A carbon credit trading system is a market-based tool designed to reduce greenhouse gas emissions by putting a price on carbon pollution. It allows governments, companies, and other entities to buy and sell carbon credits—essentially, permits that allow the emission of a certain amount of carbon dioxide or other greenhouse gases.
How It Works
Under this system, a government or regulatory body sets a limit (cap) on total emissions allowed from certain sectors. Organizations that reduce their emissions below their assigned limit can sell their unused credits to others who exceed theirs. This creates a financial incentive for businesses to invest in cleaner technologies and adopt more sustainable practices.
For example:
- If a power plant emits less CO₂ than its allowance, it can sell its surplus credits.

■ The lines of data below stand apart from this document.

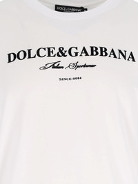 DOLCE & GABBANA WHITE COTTON CREW NECK T-SHIRT WITH SHORT SLEEVES, CONTRASTING CHEST LOGO PRINT, STRAIGHT HEM. PRODUCT INFO PRODUCT CODE G8RN8T G7O9YW0800 COMPOSITION: 100% COTTON SIZE AND FIT: REGULAR FIT MADE IN: ITALY
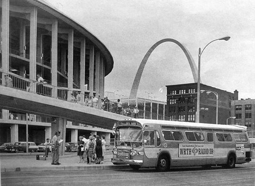 The scene is the south side of Busch Stadium II where a Redbird Express bus has pulled up in 1966, the year the stadium opened. Both the baseball and football Cardinals played there beginning that year, moving from the old Sportsman’s Park (Busch Stadium I) on North Grand Boulevard.
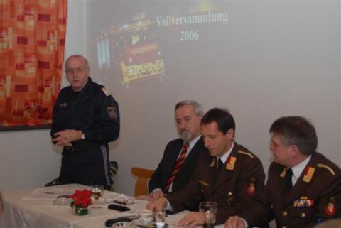 Am Sonntag den 07.01.2007 versammelten sich im Gasthaus Gassner 99 Kameraden der Freiwilligen Feuerwehr Waldhausen zur Vollversammlung. Kommandant BR Richard Sandhofer konnte sehr viele Ehrengäste dabei begrüßen. 99 Kameraden versammelten sich am Sonntag, den 07.01.2007 im Gasthaus Gassner zur Vollversammlung. Kommandant Brandrad Richard Sandhofer begrüßte dabei die Ehrengäste Oberbrandrat Josef Lindner, Fahnenpatin Margarete Reutner, Bürgermeister Franz Schaumüller, Vizebürgermeister Franz Gassner, Pfarrer Karl Wögerer, Ortsstellenleiterin des Roten Kreuz Fr. Hermine Kerschbaumer und Polizeikommandant Karl Aigner. Bei der Standeskontrolle wurde festgestellt, dass 99 Kameraden anwesen waren. Die Wehr zählt derzeit 139 Mitglieder, davon 104 Aktive, 17 Reserve und 18 Jungfeuerwehrmänner. Durch das Kommando und den einzelnen Fachbeauftragen wurden unseren Kameraden das Geschehen des vergangen Jahres 2006 präsentiert. Anhand von einer Präsentation mittels eines Video-Beamer wurden die Vorträge mit Fotos zusätzlich unterstrichen. EINSäTZE Die Freiwillige Feuerwehr Waldhausen musste im Jahr 2006 zu 1 Brandeinsatz und 32 technische Einsätze ausrücken. Die Wehr stand hier 1.107 Mannstunden im Einsatz. ÜBUNGEN Im vergangen Jahr 2006 wurden fast 800 Stunden für Übungen und Schulungen absolviert. Es wurden 10 Gruppenübungen, 1 Technische Hilfeleistungsübung, 6 Funkübungen, 14 Atemschutzübungen sowie eine Frühjahrsübung und eine Herbstübung absolviert. 3 Kameraden besuchen einen Lehrgang in der Landesfeuerwehrschule und 2 Kameraden legten den Funklehrgang ab. BEWERBE Weiters wurden für die Bewerbsvorbereitungen 910 Stunden und für die Grundausbildung der Feuerwehrmänner wurden 128 Stunden absolviert. Jeweils eine Gruppe konnte die Leistungsprüfung „Technische Hilfeleistung“ in Silber und Bronze ablegen. 1 Atemschutztrupp war beim Atemschutzleistungsprüfung in Bronze erfolgreich. Auch am Landeswettbewerb in Marchtrenk war eine Aktivgruppe und eine Jugendgruppe vertreten. Abschließend konnten 2 Mann das Funkleistungsabzeichen in Bronze absolvieren. ZEUGHAUS ZUBAU: Unser Gerätewart Amtswalter Kurt Blausensteiner stellte uns den Zeughauszubau vor. Baubeginn für den Zubau war der November 2005, wo noch die Pylone und die Grundplatte vor dem Winterbeginn fertiggestellt wurden. Im April 2006 wurden die Arbeiten wieder aufgenommen. Schon im Mai 2006 wurde der Rohbau fertiggestellt. Kurze Zeit später wurde der Dachstuhl aufgesetzt. Bis November 2006 wurden die Tore der Garagen eingebaut und bezugsfertig gemacht, damit die Fahrzeuge vor dem Winterbeginn eingestellt werden konnten. In den nächsten Wochen/Monaten wird noch der Innenausbau des Schulungsraumes fertiggestellt. EHRUNGEN UND BEFÖRDERUNGEN: Zum Oberfeuerwehrmann wurden befördert: Grünberger Gerald Hausleitner Lukas Mayrhofer Thomas Mutenthaler Patrik Palmanshofer Thomas Zum Löschmeister wurden befördert: Achleitner Leopold Berger Thomas Gstöttmaier Thomas Hofstetter Christian Leimer Siegfried Leonhartsberger Andreas (Ettenberg) 25 jährige Dienstmedaille verliehen: Zeh Franz 50 jährige Dienstmedaille verliehen: Gassner Johann (Dörfl) Kaislgruber Josef INTERNET Seit einem Jahr befindet sich die FF-Waldhausen unter www.ff-waldhausen.com im Internet. Einsatzberichte, Informationen und Neuigkeiten von Veranstaltungen, Adressen und Fotos können so von allen abgerufen werden. Im abgelaufenen Jahr besuchten 3.597 Personen die Internetseite, was einen täglichen Schnitt von 10 Zugriffen bedeutet. NEUES AUS DEM BEZIRK OBR Josef Lindner lobte die FF-Waldhausen für die geleistete Arbeit. Er berichtete von der Aktion "Sicherheitsgurt für die FF". Für den C-Führerschein gibt es eine Förderung im Rahmen des Bildungskontos. Unter dem Titel "Fit in der Feuerwehr" wird ein Staffellauf organisiert. Er dankte für die gute Zusammenarbeit mit den Kameraden Foto: W. Kerschbaumer Bericht: C. Hofstetter
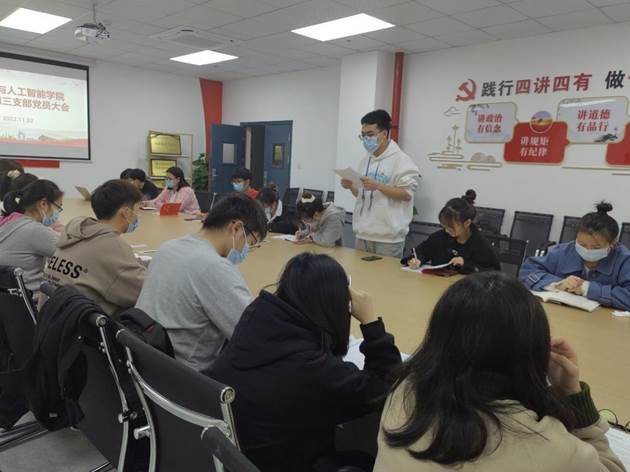 本网讯(文/王瑞浩 图/软件与人工智能学院)为进一步做好党员发展工作,扩充学生党员队伍,激发支部党员活力,软件与人工智能学院学生第三党支部于11月22日召开党员大会,讨论关于吸收费玉霖等6名同志为中共预备党员事宜。会议由支部书记王芳同志主持,支部全体党员和预备党员参加。
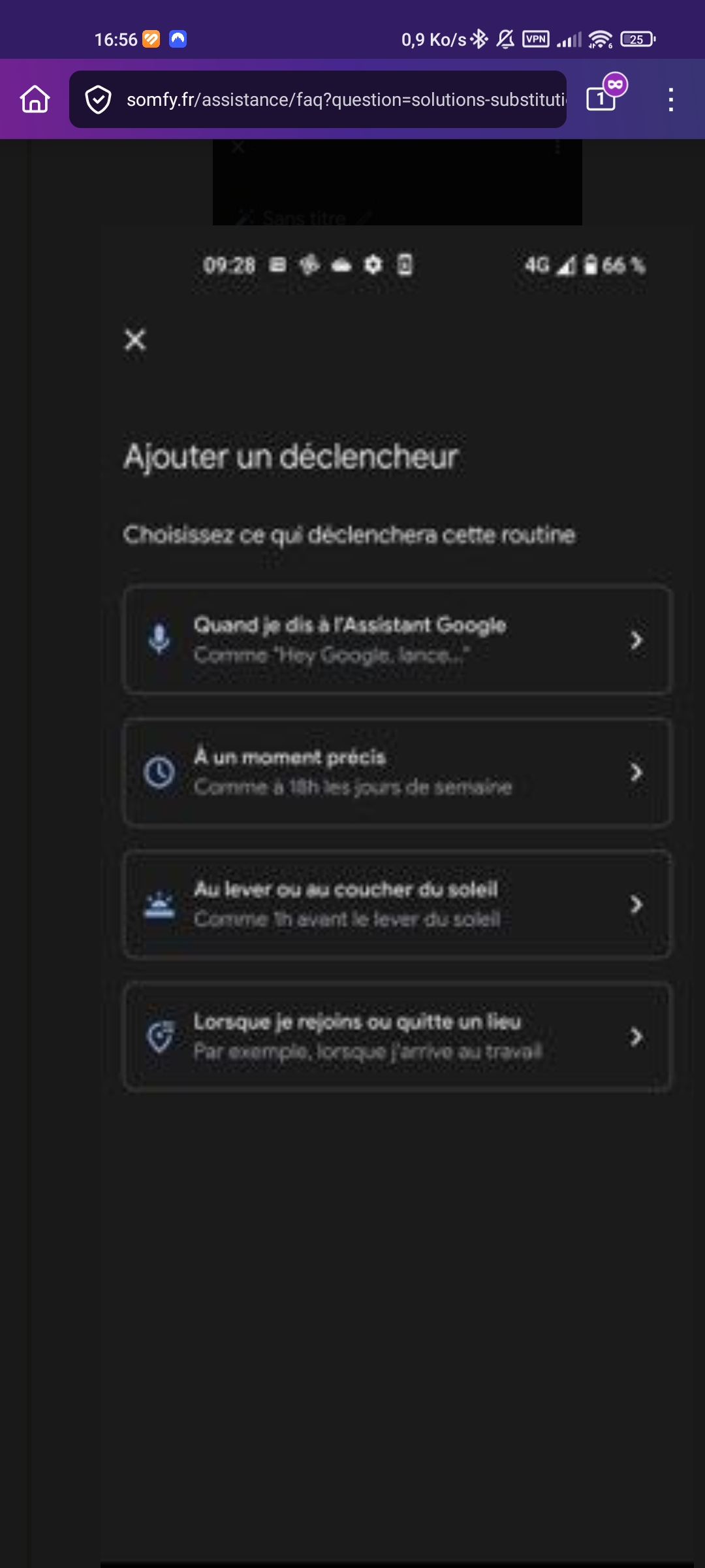 J'utilisais l'appli Home avec Tahoma pour déclencher l'ouverture de mes volets à mon arrivée: Home disposait d'un déclencheur "lorsque je rejoins ou quitte un lieu".
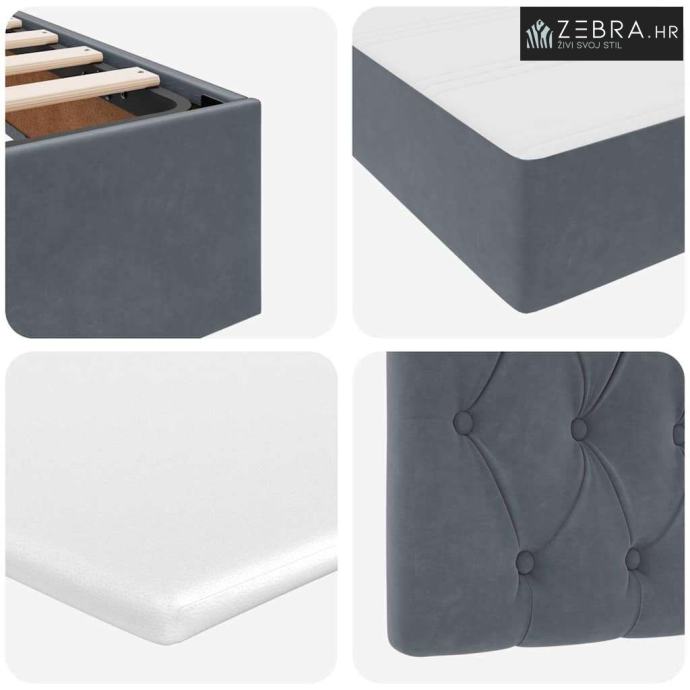Materijali: Krevet koristi kvalitetan baršun koji daje ugodan osjećaj i lijep izgled. Ovaj izbor ne samo da dodaje vizualnu privlačnost nego i udobnost, stvarajući luksuznu atmosferu. Baršun je odabran zbog svoje mekoće, pružajući ti udobno mjesto za opuštanje nakon napornog dana.
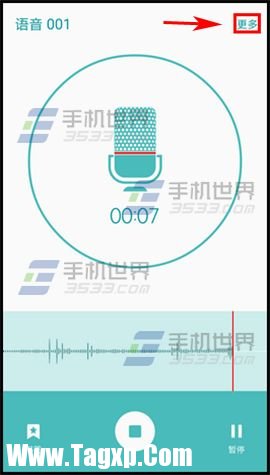 2)在录音界面点击【录音按钮】,再点击右上角【更多】。(如下图)
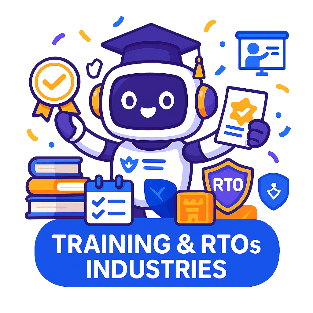 Compliance & RTO Admin – Shares policy links, checks document requirements, accepts uploads to secure storage.
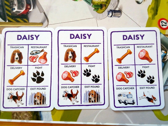 -S’il finit son mouvement sur une case adjacente à un chien, ce dernier tente de se cacher en retournant sa carte et en regardant le résultat dans la case concernée. S’il est chanceux rien ne se passe pour lui, sinon c’est la fourrière !
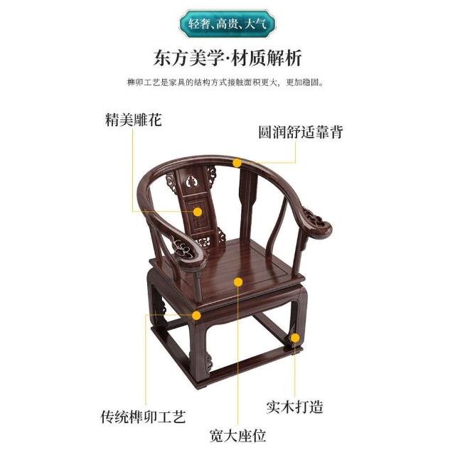 太師椅 中式椅 茶桌椅 主人椅 實木圈椅中式仿古茶臺泡茶圍椅新中式太師椅單人官帽椅主人位圈椅
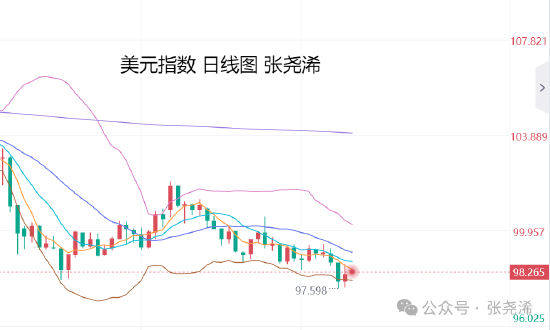 美元指数,日图早间高开先行走强,对金价多头造成限制,使其高开回撤,但整体走势仍运行在布林带中轨及短期均线下方,且布林带仍偏向下延伸,空头占据优势,也暗示后市偏向看空走低,而会支持金价再度走强,周图走势处于5-10周的均线压力下,月图也更是保持的回落趋势和前景,也暗示后市偏向走低下行,故此,对于金价来说,仍具看涨前景。
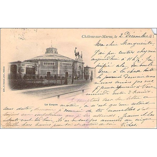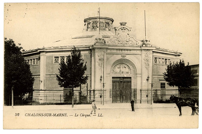 Le cirque municipal de Châlons-en-Champagne accueille le Centre national des arts du cirque (CNAC), établissement national de formation supérieure et de recherche dépendant du ministère de la Culture et de la Communication. Le CNAC a été inauguré en 1986 par Jack Lang. Il est installé dans le cirque municipal, édifié à la fin du XIXe siècle par l'architecte Louis Gillet, et inscrit aux Monuments historiques depuis 1984. Depuis l'été 2015, il dispose de nouveaux espaces de travail sur le site de La Marnaise, situé à 500 mètres du cirque historique, site occupé pendant plusieurs décennies par une coopérative agricole. Le CNAC concentre son cœur de métier sur l'enseignement supérieur du cirque. Pendant de longues années, il a délivré le DMA artiste de cirque (Bac +2) ; depuis 2015, il attribue le DNSP AC (Diplôme national supérieur professionnel d'artiste de cirque) à l'issue d'un cursus de trois années. Depuis 2020, ce cursus est réalisé en intégralité à Châlons-en-Champagne et les étudiants recrutés à partir de cette année peuvent également prétendre à une double licence Arts du spectacle et STAPS délivrée par l'université de Reims Champagne-Ardenne (URCA). Depuis septembre 2012, le CNAC participe au Bac L — option Arts du cirque — dispensé par le lycée Pierre-Bayen de Châlons-en-Champagne. Il développe par ailleurs la formation continue destinée aux professionnels du cirque et du spectacle vivant, ainsi que des activités de ressource et de recherche pédagogique, artistique et technique. La documentation visuelle associe des vues de la décoration de la façade, de la salle lors de la 37e promotion, du logo du Centre, des locaux du site La Marnaise, de la trentième promotion au festival Furies de 2017, de la trente-deuxième promotion au festival Furies de 2019 et d'éléments relatifs à la 38e promotion.

- If another plant exceeds its limit, it must buy credits to cover the excess.
Why It Matters for Iraq
For Iraq, adopting a carbon credit trading system is a step toward environmental sustainability, economic diversification, and alignment with international climate commitments. It allows Iraq to:
- Encourage cleaner industrial practices
- Monetize reductions in emissions
- Participate in global carbon markets
- Attract investment in renewable energy and green infrastructure
As Iraq works to modernize its energy sector and reduce carbon emissions—especially from practices like gas flaring—a carbon credit system offers a practical, flexible path forward.
Looking Ahead
The Government of Iraq, through initiatives such as the GCCE, is exploring frameworks for launching a national carbon credit system that supports our environmental goals while creating new economic opportunities. By integrating with regional and international markets, Iraq can become a proactive player in the global effort to combat climate change.